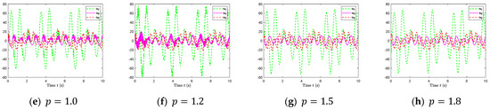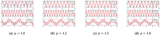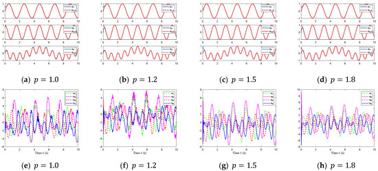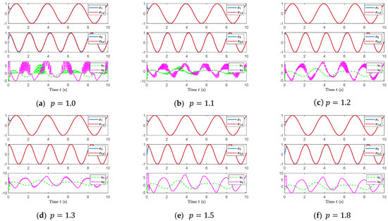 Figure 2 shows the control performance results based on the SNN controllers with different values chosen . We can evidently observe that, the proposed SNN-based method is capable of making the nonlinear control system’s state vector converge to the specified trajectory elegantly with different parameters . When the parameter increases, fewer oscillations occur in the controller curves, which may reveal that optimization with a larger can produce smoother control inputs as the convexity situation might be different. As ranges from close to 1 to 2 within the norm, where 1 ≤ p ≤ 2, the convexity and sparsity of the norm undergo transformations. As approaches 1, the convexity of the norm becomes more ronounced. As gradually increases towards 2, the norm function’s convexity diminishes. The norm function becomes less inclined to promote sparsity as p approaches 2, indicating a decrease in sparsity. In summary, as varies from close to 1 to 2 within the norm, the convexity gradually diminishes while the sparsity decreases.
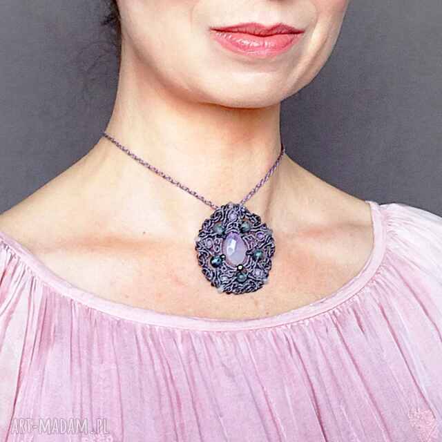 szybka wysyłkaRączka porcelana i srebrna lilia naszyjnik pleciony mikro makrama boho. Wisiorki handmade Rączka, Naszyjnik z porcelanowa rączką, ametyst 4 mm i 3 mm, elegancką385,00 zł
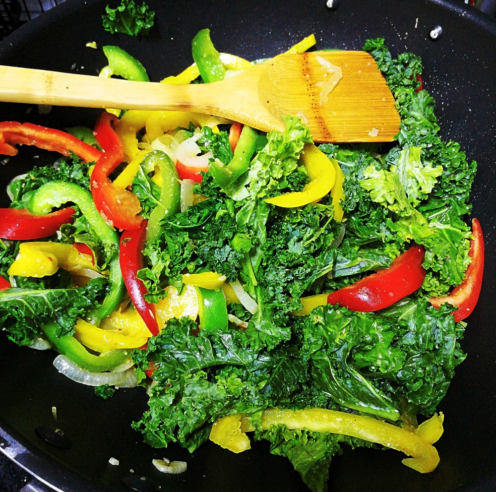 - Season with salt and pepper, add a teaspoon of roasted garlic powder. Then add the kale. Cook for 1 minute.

===

Description of the task: Word for word, restate the whole listing and drop the images.

Answer box:
 Figure 2 shows the control performance results based on the SNN controllers with different values chosen . We can evidently observe that, the proposed SNN-based method is capable of making the nonlinear control system’s state vector converge to the specified trajectory elegantly with different parameters . When the parameter increases, fewer oscillations occur in the controller curves, which may reveal that optimization with a larger can produce smoother control inputs as the convexity situation might be different. As ranges from close to 1 to 2 within the norm, where 1 ≤ p ≤ 2, the convexity and sparsity of the norm undergo transformations. As approaches 1, the convexity of the norm becomes more ronounced. As gradually increases towards 2, the norm function’s convexity diminishes. The norm function becomes less inclined to promote sparsity as p approaches 2, indicating a decrease in sparsity. In summary, as varies from close to 1 to 2 within the norm, the convexity gradually diminishes while the sparsity decreases.
 szybka wysyłkaRączka porcelana i srebrna lilia naszyjnik pleciony mikro makrama boho. Wisiorki handmade Rączka, Naszyjnik z porcelanowa rączką, ametyst 4 mm i 3 mm, elegancką385,00 zł
 - Season with salt and pepper, add a teaspoon of roasted garlic powder. Then add the kale. Cook for 1 minute.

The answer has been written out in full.